(Task details): Write out the lines below exactly, beginning at the one with "Пропускаем кусочки куриного" and stopping after the one with "トップスはハーフジップ仕様で、 開け閉めによって印象を調整できる設計。 ショーツはすっきりとした丈感で、"; the pictures are not copied.

(Exercise data):
========================================

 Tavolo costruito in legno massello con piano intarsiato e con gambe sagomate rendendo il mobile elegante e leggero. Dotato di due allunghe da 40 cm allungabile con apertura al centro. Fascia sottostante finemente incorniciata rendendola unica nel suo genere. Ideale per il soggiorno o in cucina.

========================================

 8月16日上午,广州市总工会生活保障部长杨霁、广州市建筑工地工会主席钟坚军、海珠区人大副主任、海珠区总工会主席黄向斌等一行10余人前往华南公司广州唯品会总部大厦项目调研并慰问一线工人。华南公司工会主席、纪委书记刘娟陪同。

========================================

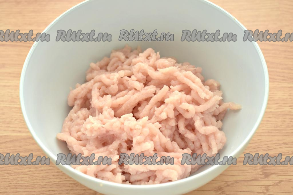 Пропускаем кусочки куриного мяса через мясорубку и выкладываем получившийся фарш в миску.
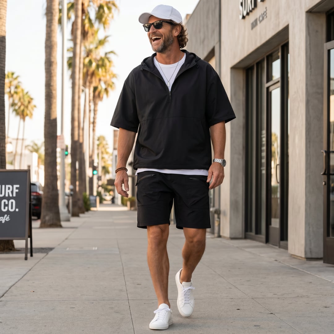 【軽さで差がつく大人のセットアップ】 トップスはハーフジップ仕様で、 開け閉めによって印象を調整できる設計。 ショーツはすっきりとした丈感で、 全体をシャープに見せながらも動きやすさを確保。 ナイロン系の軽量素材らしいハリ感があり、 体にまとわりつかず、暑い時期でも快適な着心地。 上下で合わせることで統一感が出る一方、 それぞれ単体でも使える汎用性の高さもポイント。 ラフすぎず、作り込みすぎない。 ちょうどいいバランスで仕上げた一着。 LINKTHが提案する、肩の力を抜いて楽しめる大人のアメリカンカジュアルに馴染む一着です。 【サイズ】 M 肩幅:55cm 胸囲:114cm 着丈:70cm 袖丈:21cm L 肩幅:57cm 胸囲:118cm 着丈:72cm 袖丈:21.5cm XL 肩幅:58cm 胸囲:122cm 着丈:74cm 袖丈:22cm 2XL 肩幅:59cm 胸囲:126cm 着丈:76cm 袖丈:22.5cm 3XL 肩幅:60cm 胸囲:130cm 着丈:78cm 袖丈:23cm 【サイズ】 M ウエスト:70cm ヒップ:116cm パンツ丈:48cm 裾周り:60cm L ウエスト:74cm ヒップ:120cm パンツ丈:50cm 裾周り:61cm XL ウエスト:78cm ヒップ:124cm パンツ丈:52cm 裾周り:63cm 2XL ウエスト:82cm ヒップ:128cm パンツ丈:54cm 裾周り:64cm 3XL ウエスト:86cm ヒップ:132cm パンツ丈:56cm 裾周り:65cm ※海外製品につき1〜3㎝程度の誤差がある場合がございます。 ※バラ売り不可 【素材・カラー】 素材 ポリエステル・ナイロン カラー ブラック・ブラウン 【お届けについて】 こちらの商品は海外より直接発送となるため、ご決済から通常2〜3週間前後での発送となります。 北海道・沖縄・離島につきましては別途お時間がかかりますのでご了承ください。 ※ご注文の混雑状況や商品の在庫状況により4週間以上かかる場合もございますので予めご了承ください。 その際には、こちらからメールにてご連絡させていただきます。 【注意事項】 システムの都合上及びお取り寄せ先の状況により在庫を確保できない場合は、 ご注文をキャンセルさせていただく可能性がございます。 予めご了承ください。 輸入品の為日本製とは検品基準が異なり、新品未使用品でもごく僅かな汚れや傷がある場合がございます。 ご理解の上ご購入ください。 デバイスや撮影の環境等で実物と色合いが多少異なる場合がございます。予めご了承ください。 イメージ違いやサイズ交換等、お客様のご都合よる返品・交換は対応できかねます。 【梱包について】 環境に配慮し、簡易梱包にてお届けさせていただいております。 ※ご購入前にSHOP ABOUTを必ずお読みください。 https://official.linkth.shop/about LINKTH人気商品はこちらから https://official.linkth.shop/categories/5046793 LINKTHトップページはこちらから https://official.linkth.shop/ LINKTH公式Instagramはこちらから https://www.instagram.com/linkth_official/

========================================

(Response to this task):
 Пропускаем кусочки куриного мяса через мясорубку и выкладываем получившийся фарш в миску.
 【軽さで差がつく大人のセットアップ】 トップスはハーフジップ仕様で、 開け閉めによって印象を調整できる設計。 ショーツはすっきりとした丈感で、 全体をシャープに見せながらも動きやすさを確保。 ナイロン系の軽量素材らしいハリ感があり、 体にまとわりつかず、暑い時期でも快適な着心地。 上下で合わせることで統一感が出る一方、 それぞれ単体でも使える汎用性の高さもポイント。 ラフすぎず、作り込みすぎない。 ちょうどいいバランスで仕上げた一着。 LINKTHが提案する、肩の力を抜いて楽しめる大人のアメリカンカジュアルに馴染む一着です。 【サイズ】 M 肩幅:55cm 胸囲:114cm 着丈:70cm 袖丈:21cm L 肩幅:57cm 胸囲:118cm 着丈:72cm 袖丈:21.5cm XL 肩幅:58cm 胸囲:122cm 着丈:74cm 袖丈:22cm 2XL 肩幅:59cm 胸囲:126cm 着丈:76cm 袖丈:22.5cm 3XL 肩幅:60cm 胸囲:130cm 着丈:78cm 袖丈:23cm 【サイズ】 M ウエスト:70cm ヒップ:116cm パンツ丈:48cm 裾周り:60cm L ウエスト:74cm ヒップ:120cm パンツ丈:50cm 裾周り:61cm XL ウエスト:78cm ヒップ:124cm パンツ丈:52cm 裾周り:63cm 2XL ウエスト:82cm ヒップ:128cm パンツ丈:54cm 裾周り:64cm 3XL ウエスト:86cm ヒップ:132cm パンツ丈:56cm 裾周り:65cm ※海外製品につき1〜3㎝程度の誤差がある場合がございます。 ※バラ売り不可 【素材・カラー】 素材 ポリエステル・ナイロン カラー ブラック・ブラウン 【お届けについて】 こちらの商品は海外より直接発送となるため、ご決済から通常2〜3週間前後での発送となります。 北海道・沖縄・離島につきましては別途お時間がかかりますのでご了承ください。 ※ご注文の混雑状況や商品の在庫状況により4週間以上かかる場合もございますので予めご了承ください。 その際には、こちらからメールにてご連絡させていただきます。 【注意事項】 システムの都合上及びお取り寄せ先の状況により在庫を確保できない場合は、 ご注文をキャンセルさせていただく可能性がございます。 予めご了承ください。 輸入品の為日本製とは検品基準が異なり、新品未使用品でもごく僅かな汚れや傷がある場合がございます。 ご理解の上ご購入ください。 デバイスや撮影の環境等で実物と色合いが多少異なる場合がございます。予めご了承ください。 イメージ違いやサイズ交換等、お客様のご都合よる返品・交換は対応できかねます。 【梱包について】 環境に配慮し、簡易梱包にてお届けさせていただいております。 ※ご購入前にSHOP ABOUTを必ずお読みください。 https://official.linkth.shop/about LINKTH人気商品はこちらから https://official.linkth.shop/categories/5046793 LINKTHトップページはこちらから https://official.linkth.shop/ LINKTH公式Instagramはこちらから https://www.instagram.com/linkth_official/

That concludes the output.